この論文は、Danna P. Garcia-Guaqueta, MD、Hugo Botha, MB, CHB、Rene L. Utianski, PhD、Joseph R. Duffy, PhD、Heather Clark, PhD、Gabriela Meade, PhD、Mary M. Machulda, PhD、Dennis W. Dickson, MD、Nha Trang Thu Pham, BS、Jennifer L. Whitwell, PhD、およびKeith A. Josephs, MD, MST, MScによって執筆されました。著者らはMayo Clinicの神経学科、精神医学および心理学科、神経科学科(神経病理学)および放射線学科に所属しています。論文は《Neurology》誌の2024年第103巻、巻号e209717に掲載されました。連絡著者はDr. Josephsで、連絡先メールアドレスはjosephs.keith@mayo.eduです。

研究方法

研究は回顧的分析を採用し、神経変性疾患研究グループ(Neurodegenerative Research Group, NRG)データベースから全ての剖検患者を選別しました。対象はNVOA評価ツールで評価された患者で、104名の患者が研究に含まれ、そのうち63名がNVOAに進行しました。SPM12ソフトウェアを使用してNVOAと非NVOA患者の灰白質損失パターンを評価し、年齢および性別を共変量として調整しました。

  1. 患者選定と設定:NRGデータベースから剖検を受けた患者を選別し、NVOA評価を受けた104名の患者を確認しました。これらの患者は2010年7月6日から2023年5月18日の期間に研究に含まれました。

  2. 臨床評価:全患者は各訪問時にモントリオール認知評価(MoCA)、精神前頭葉評価スケール(Frontal Assessment Battery, FAB)、運動障害協会がスポンサーの統一パーキンソン病評価尺度(MDS-UPDRS III)などの一連の多学科評価を完了しました。

  3. NVOAの識別:認定言語-言語病理学者による言語-言語評価を通じて、自発的な会話と構造化された言語課題およびNVOAの表現を評価し、NVOA測定ツールを用いてスクリーニングおよび確認を行いました。スコア≤29を基準として、NVOAの存在および重症度を確認しました。

  4. 病理方法:全症例の組織病理学検査はMayo Clinicの認定神経病理学者(D.W.D.)によって行われ、病理診断は公表されている病理学基準に基づいて行われました。

  5. 神経画像分析:全患者は各訪問時に標準化された3T MRIプロトコルスキャンを受け、磁気共鳴画像(MPRAGE)T1加重シーケンスを含みました。SPM12を使用してボクセルベースの形態計測を行い、NVOAと非NVOA患者の灰白質体積損失パターンを評価しました。

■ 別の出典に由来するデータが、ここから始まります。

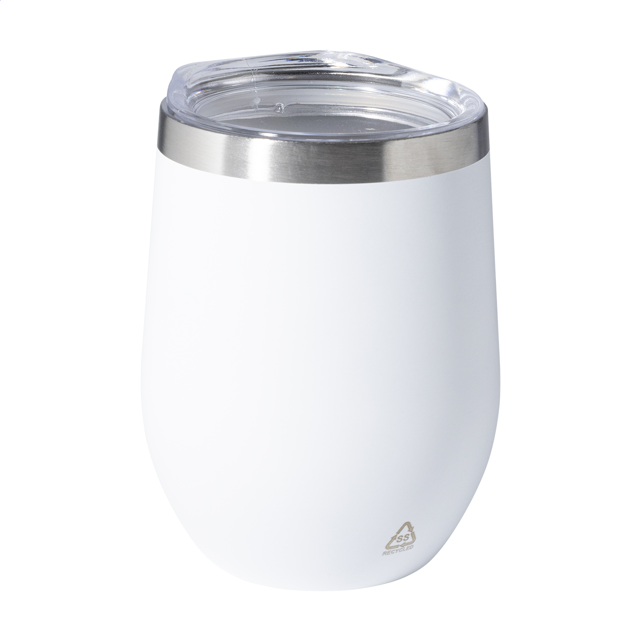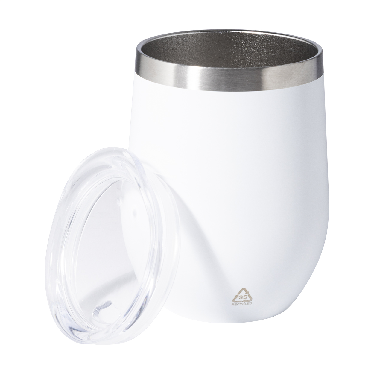 Double-wall, recycled stainless steel thermo cup with plastic drinking lid. 350 ml.

  6. 統計分析:患者の基礎臨床診断、追跡期間などの変数をKruskal-Wallis検定およびFisherの正確検定を使用して分析しました。Bluesky Statisticsソフトウェアを使用して統計分析を行い、有意水準をp<0.05に設定しました。

研究結果

  1. 患者特性:本研究には104名の患者が参加し、男性が57.7%、女性が42.3%を占めました。NVOA患者(63名)は、初期診断として原発性進行性言語運用障害(PPAOS)および非流暢性原発性進行性失語症(NFVPPA)の患者が多く含まれていました。対して、非NVOA患者では進行性核上性麻痺(PSP)および言語性進行性失語症(LPA)が最も一般的な診断でした。

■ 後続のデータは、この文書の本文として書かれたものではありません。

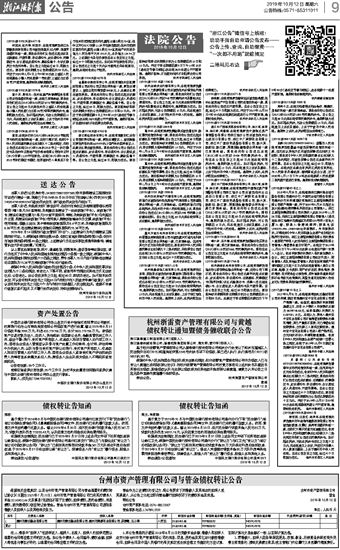 台州市资产管理有限公司与管金债权转让公告

  2. 臨床診断と病理の関連:NVOA患者では、PSPおよび皮質基底変性症(CBD)が最も一般的な病理結果であり、非NVOA患者ではPSPおよびアルツハイマー病(AD)が多く見られました。さらなる分析では、特定の病理結果(例:CBDおよびFTLD-TDP)が重度のNVOAと関連していることが示されました。

  3. 神経画像学的発見:NVOA患者は左側前運動皮質、運動皮質および帯状回皮質の灰白質体積損失が大きいことを示し、これらの領域がNVOAの発生において重要な役割を果たす可能性があることが示唆されました。

結論と価値

本研究は、NVOAが多くの神経変性疾患に共通して見られることを示し、その主要な特徴は特定の病理ではなく、特定の脳領域の損傷にあることを明らかにしました。NVOAはPSPおよびCBD病理と最も関連していましたが、他の病理結果もNVOAの出現を引き起こす可能性がありました。臨床応用において、NVOAの存在は病状の進行および重症度を予測するために使用でき、臨床診断および治療に参考となることが示されました。

本研究の顕著な点は、大規模データと剖検結果を組み合わせることで、NVOAと異なる神経変性疾患との関連を詳細に解析したことです。これは、NVOAに関する臨床および病理学的知識を豊富にし、今後の研究および臨床実践において重要な参考となるでしょう。